== Segment start ==

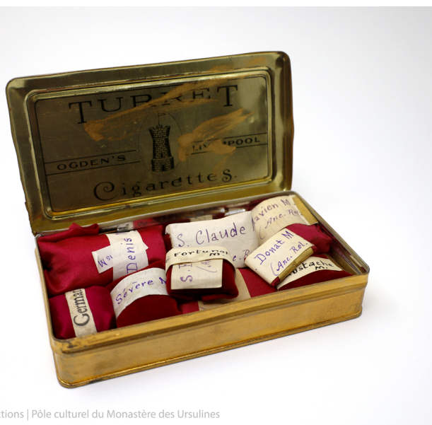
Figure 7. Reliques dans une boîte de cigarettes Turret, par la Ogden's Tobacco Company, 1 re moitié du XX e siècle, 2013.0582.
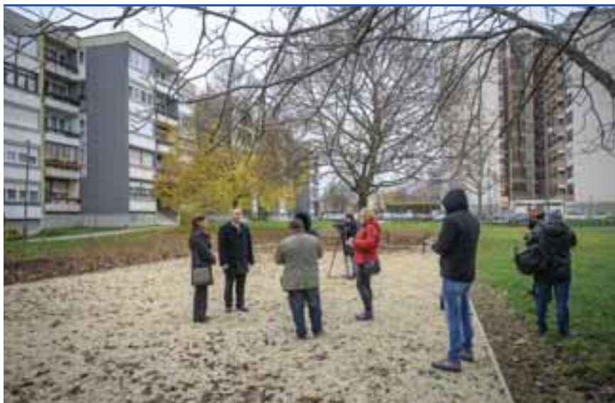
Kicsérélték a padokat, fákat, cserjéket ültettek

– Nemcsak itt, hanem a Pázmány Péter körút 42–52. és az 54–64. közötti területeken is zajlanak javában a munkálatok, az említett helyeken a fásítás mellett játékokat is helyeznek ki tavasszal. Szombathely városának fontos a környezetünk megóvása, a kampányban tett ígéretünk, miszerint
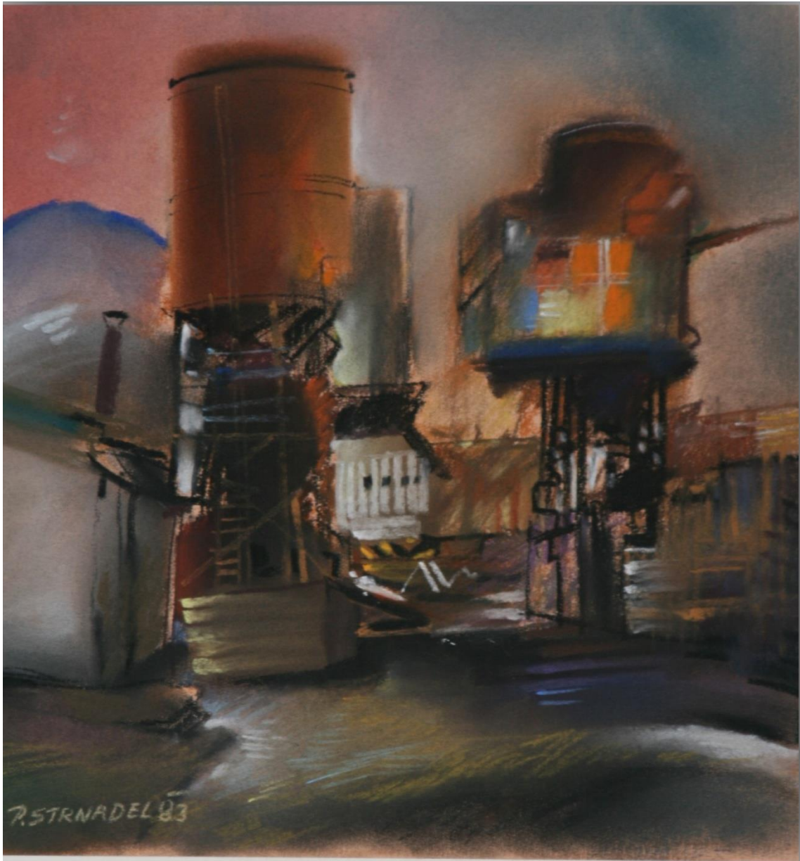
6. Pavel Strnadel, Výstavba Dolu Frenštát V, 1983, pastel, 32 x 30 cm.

== Segment end ==
== Segment start ==

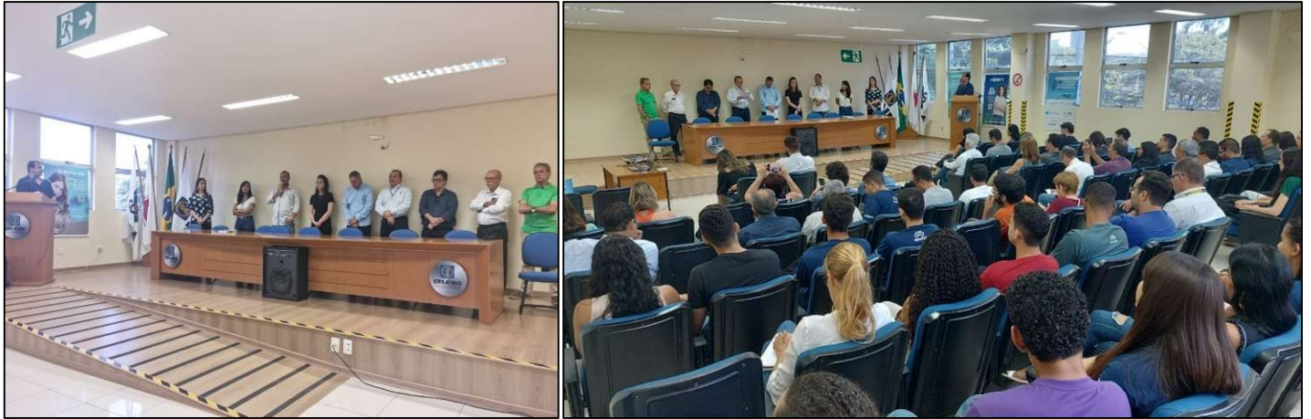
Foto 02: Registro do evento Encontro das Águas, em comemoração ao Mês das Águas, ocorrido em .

== Segment end ==

**Instructions to follow**
What lines above run from the one with "Figure 7. Reliques" to the one with "6. Pavel Strnadel, Výstavba"? Give them again exactly, ends included, and leave the pictures out.

**Task response**
Figure 7. Reliques dans une boîte de cigarettes Turret, par la Ogden's Tobacco Company, 1 re moitié du XX e siècle, 2013.0582.
Kicsérélték a padokat, fákat, cserjéket ültettek

– Nemcsak itt, hanem a Pázmány Péter körút 42–52. és az 54–64. közötti területeken is zajlanak javában a munkálatok, az említett helyeken a fásítás mellett játékokat is helyeznek ki tavasszal. Szombathely városának fontos a környezetünk megóvása, a kampányban tett ígéretünk, miszerint
6. Pavel Strnadel, Výstavba Dolu Frenštát V, 1983, pastel, 32 x 30 cm.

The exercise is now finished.